On stage he had a small roles in plays such as Anton Chekhov's The Three Sisters (1976) and Terence Rattigan's The Deep Blue Sea (1981). More important roles followed with an appearance as Jaggers in Great Expectations (1984) at the Old Vic, and as Shylock in The Merchant of Venice.
During its run from August to October 1986 at the Broadhurst Theatre on Broadway, Jay's performance was described as "brilliantly played" by the New York Times. Consequently, he was nominated for the 1987 Drama Desk Award as Outstanding Featured Actor in a Play.
He wed Married With Children make-up Artist Kathy Rogers in 1988, and they had a son, Adam, in December that year. In 2004 he married Marta MacGeraghty.
Jay's voice-over work included Monsieur D'Arque, the amoral asylum superintendent, in Disney's 1991 hit animated film version of Beauty and the Beast. From 1994–2001 he supplied the voice for the virus Megabyte in the computer animated television show ReBoot. According to one source, Jay was preferred to Patrick Stewart, Derek Jacobi, Ian McKellen for the voice of Judge Claude Frollo in Disney's 1996 animated film adaptation of The Hunchback of Notre Dame, directed by Gary Trousdale and Kirk Wise, who had also steered his performance in the film version of Beauty and the Beast. Jay reprised Frollo's voice for Walt Disney World's nighttime light and fireworks show Fantasmic! From 1995 to 1996 Jay was the voice of the alien warlord Lord Dregg, the villain during the last two seasons of the original 1987 Teenage Mutant Ninja Turtles animated TV series.
Jay also made many distinguished on-screen appearances, including the role of Nigel St John on Lois and Clark: The New Adventures of Superman (1993–1995). He further made guest appearances on programs including The Golden Girls in 1987, Twin Peaks in 1990-91, and Night Court in 1991. His most prominent onscreen role, however, is that of Professor Werner in Twins (1988), the mentor to Arnold Schwarzenegger's protagonist, Julius Benedict.

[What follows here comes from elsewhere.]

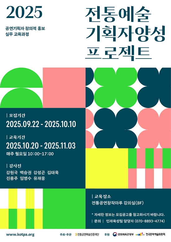 ÀüÅë°ø¿¬¿¹¼úÁøÈïÀç´Ü(ÀÌ»çÀå ¹è¿µÈ£)ÀÌ ÀüÅë°ø¿¬¿¹¼ú ºÐ¾ßÀÇ Àü¹® ±âȹÀÚ¸¦ ¾ç¼ºÇϱâ À§ÇÑ ‘2025 ÀüÅ뿹¼ú ±âȹÀÚ ¾ç¼º ÇÁ·ÎÁ§Æ®’ ÇϹݱâ ÇÁ·Î±×·¥ Âü°¡ÀÚ¸¦ 9¿ù 22ÀϺÎÅÍ 10¿ù 10ÀϱîÁö ¸ðÁýÇÑ´Ù.
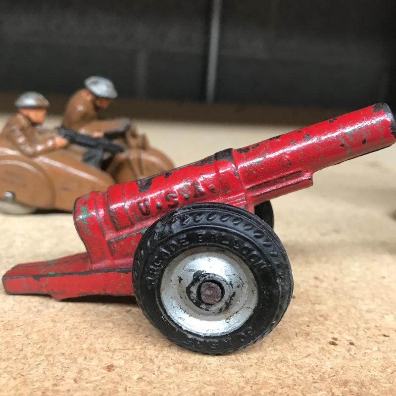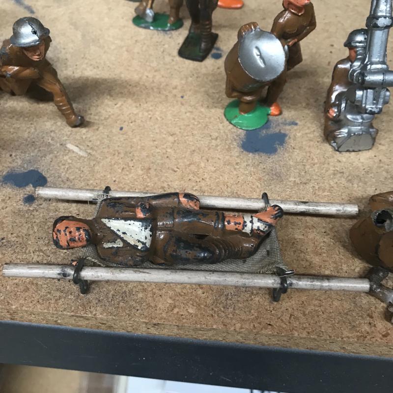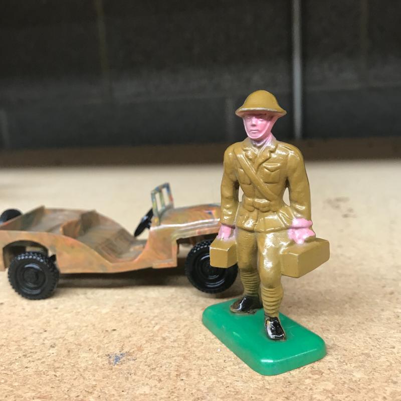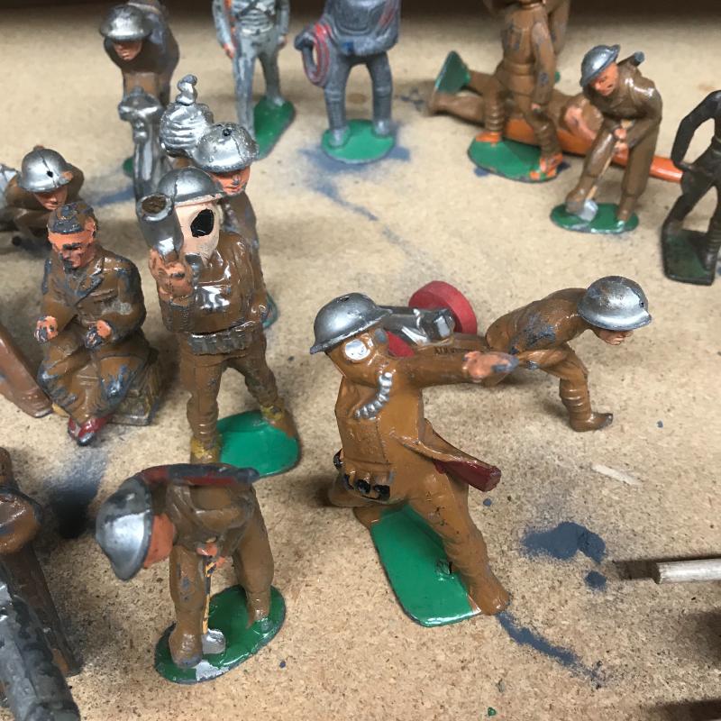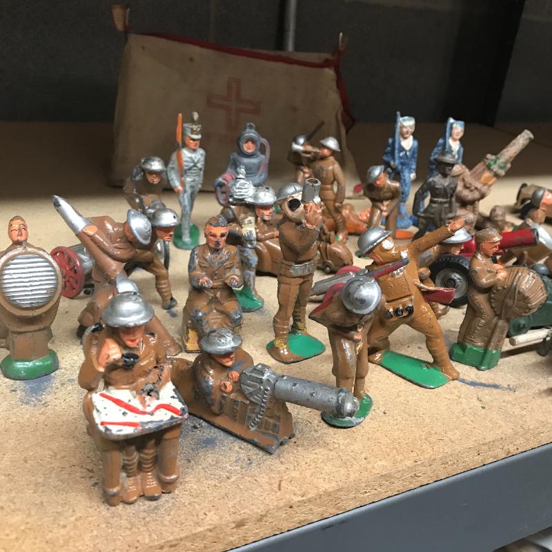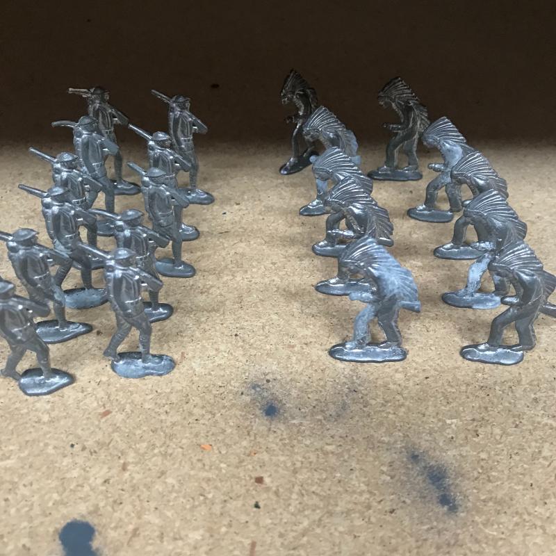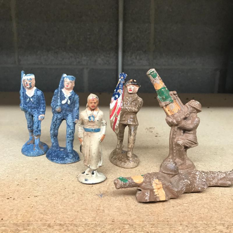 Metal, plastic and resin made play figures. At least 16 are plastic soldier and Jeep figures. Twenty seven painted metal ones with a few broken ones (battle injuries), also six that are a painted resin. Cloth medical unit and twenty-one military and Indian metal figures. Shipping available

He is also well-known among fans of the 1996–2003 video game series Legacy of Kain for his voicing of the original Mortanius and of the Elder God, alongside several other minor characters.
Jay was a devotee of classic Broadway and made several recordings and performances of old-time Broadway lyrics, in spoken-word form. A CD of these readings, Speaking of Broadway, was released in 2005; a version recorded in 1996 was entitled Poets on Broadway, as was his website. On it Jay recites lyrics written by the likes of Noël Coward, Ira Gershwin, and Oscar Hammerstein, accompanied by synthesized music which he composed.
In April 2006 Jay underwent surgery in Cedars-Sinai Medical Center (Los Angeles) to remove a non-cancerous tumor from his lungs. Afterwards he became critically ill and was readmitted to Cedar Sinai, where he died on August 13, 2006, aged 73. He is buried in Forest Lawn Memorial Park in Los Angeles, California.